■ TASK GOAL
Among the entries below, take the line with "Un anuncio de" and the line with "Vật tư dao cách", and output them and every line between them exactly, with nothing else.

■ THE INPUT
**********
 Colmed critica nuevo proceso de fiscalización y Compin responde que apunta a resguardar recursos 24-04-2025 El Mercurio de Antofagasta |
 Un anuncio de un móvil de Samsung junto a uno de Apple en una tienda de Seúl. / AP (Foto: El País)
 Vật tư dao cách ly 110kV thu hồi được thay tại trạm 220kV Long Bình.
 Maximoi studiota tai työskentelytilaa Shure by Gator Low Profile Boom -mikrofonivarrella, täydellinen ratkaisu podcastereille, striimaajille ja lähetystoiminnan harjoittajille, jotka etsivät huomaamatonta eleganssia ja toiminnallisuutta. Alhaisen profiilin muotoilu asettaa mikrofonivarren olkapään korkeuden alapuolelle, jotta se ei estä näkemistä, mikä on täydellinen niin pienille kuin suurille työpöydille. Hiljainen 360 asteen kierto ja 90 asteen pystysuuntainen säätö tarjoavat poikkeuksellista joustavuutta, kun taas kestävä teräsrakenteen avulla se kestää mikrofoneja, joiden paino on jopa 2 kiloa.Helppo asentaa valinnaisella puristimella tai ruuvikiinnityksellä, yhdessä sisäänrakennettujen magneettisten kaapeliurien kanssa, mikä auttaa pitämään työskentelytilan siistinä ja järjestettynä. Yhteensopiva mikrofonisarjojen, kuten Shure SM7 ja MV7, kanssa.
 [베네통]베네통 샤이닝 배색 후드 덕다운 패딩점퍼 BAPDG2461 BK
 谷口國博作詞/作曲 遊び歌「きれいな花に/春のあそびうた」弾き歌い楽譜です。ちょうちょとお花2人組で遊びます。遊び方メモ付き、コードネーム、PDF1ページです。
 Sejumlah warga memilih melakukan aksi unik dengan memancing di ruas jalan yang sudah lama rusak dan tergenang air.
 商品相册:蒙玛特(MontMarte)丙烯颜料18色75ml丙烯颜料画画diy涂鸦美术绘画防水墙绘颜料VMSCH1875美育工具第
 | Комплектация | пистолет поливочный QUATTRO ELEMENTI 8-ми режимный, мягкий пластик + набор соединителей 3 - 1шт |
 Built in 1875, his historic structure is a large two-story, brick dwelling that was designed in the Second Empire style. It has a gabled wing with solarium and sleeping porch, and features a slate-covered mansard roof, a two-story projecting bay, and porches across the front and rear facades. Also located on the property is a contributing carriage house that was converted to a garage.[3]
**********
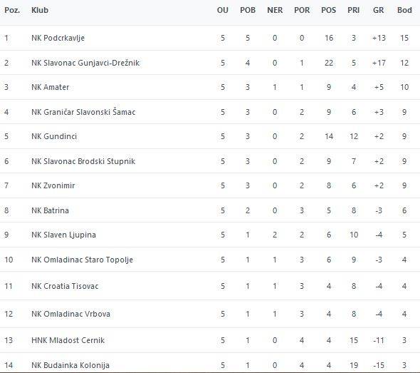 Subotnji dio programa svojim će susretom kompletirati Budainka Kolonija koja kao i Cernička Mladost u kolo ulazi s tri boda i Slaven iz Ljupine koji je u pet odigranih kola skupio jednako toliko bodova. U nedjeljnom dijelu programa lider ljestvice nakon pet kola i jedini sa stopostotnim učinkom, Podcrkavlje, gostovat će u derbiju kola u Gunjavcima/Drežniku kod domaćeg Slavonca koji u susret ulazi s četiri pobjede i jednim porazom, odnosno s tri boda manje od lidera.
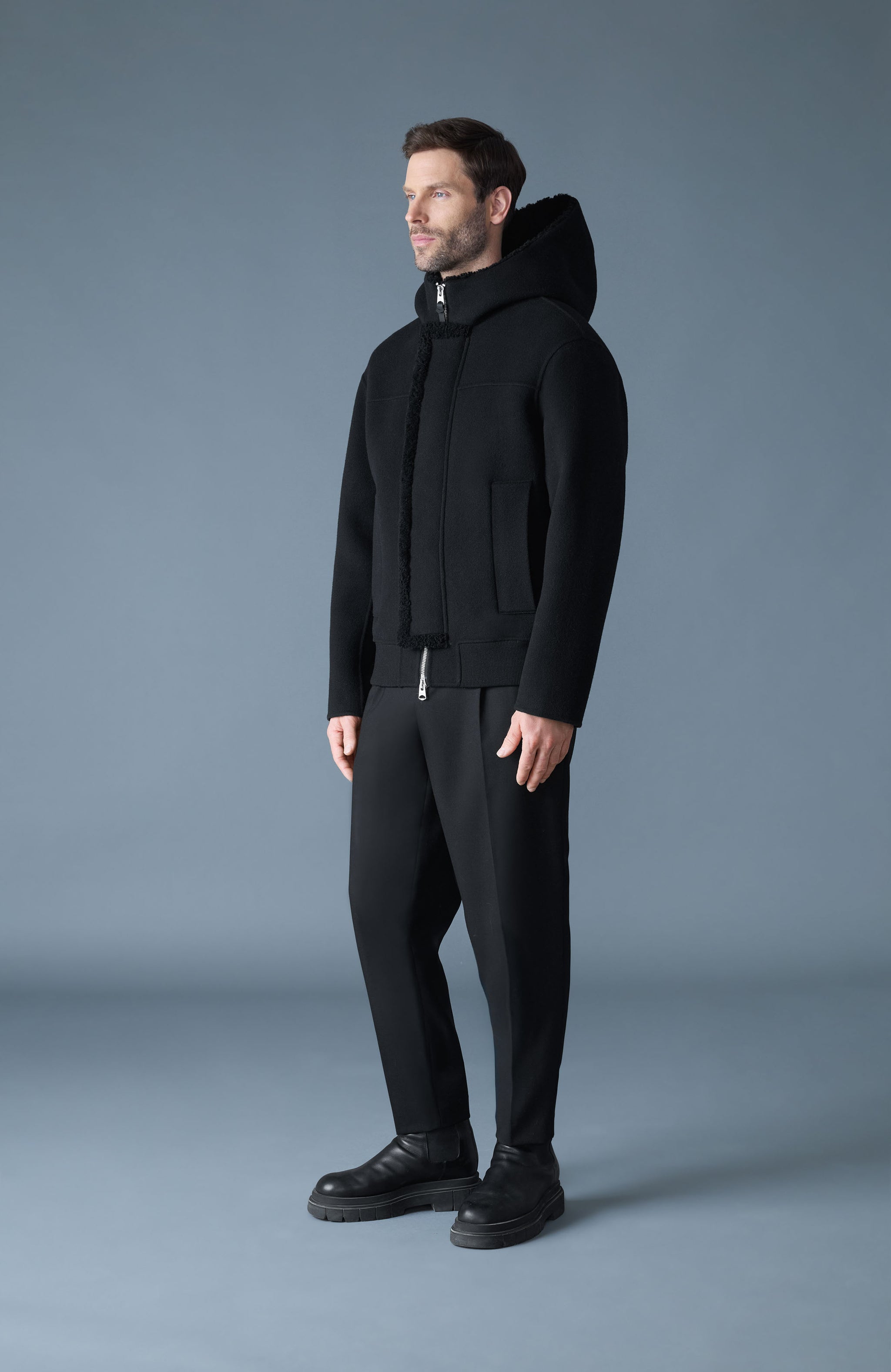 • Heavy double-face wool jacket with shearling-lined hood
**********
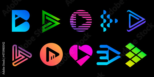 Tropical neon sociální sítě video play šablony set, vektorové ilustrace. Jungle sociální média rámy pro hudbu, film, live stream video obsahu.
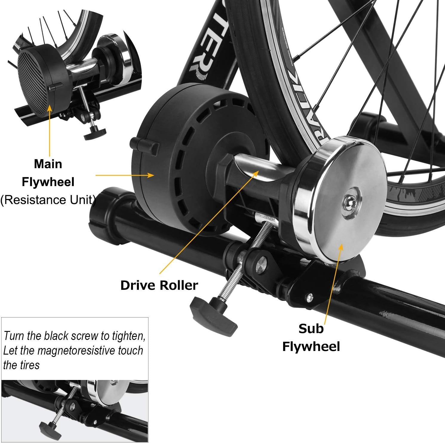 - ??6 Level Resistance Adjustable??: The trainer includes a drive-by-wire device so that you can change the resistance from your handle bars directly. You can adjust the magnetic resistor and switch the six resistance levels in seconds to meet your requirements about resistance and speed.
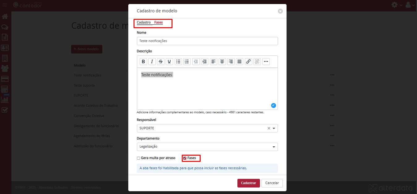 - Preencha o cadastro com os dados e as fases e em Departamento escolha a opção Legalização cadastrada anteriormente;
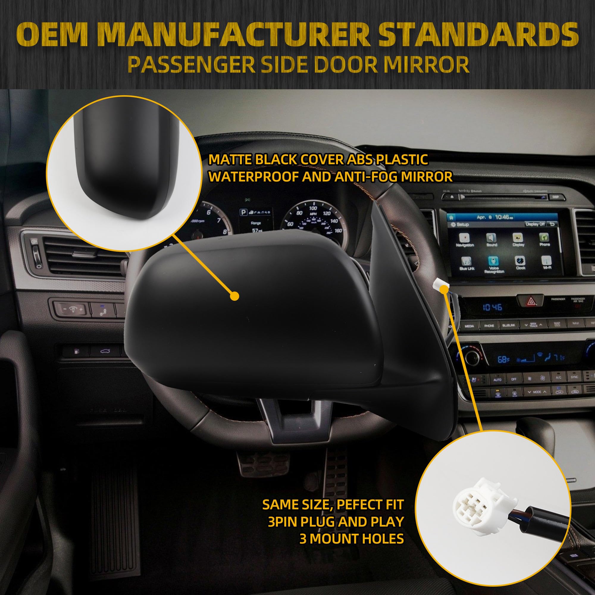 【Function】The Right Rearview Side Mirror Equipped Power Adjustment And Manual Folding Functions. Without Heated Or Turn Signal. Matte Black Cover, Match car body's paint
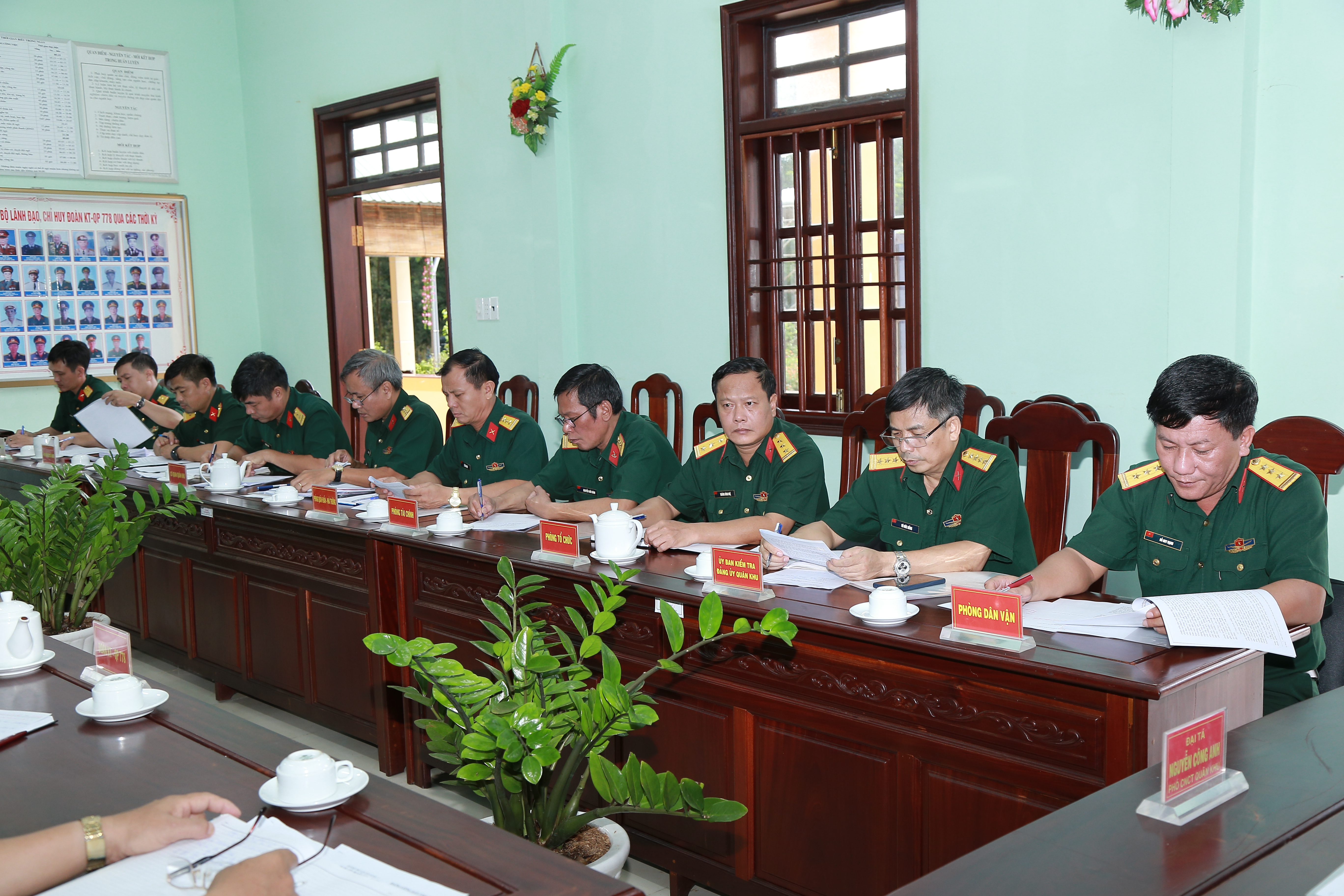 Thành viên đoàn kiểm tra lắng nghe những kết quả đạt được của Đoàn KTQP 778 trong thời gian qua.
**********
■ EXERCISE RESPONSE
 Un anuncio de un móvil de Samsung junto a uno de Apple en una tienda de Seúl. / AP (Foto: El País)
 Vật tư dao cách ly 110kV thu hồi được thay tại trạm 220kV Long Bình.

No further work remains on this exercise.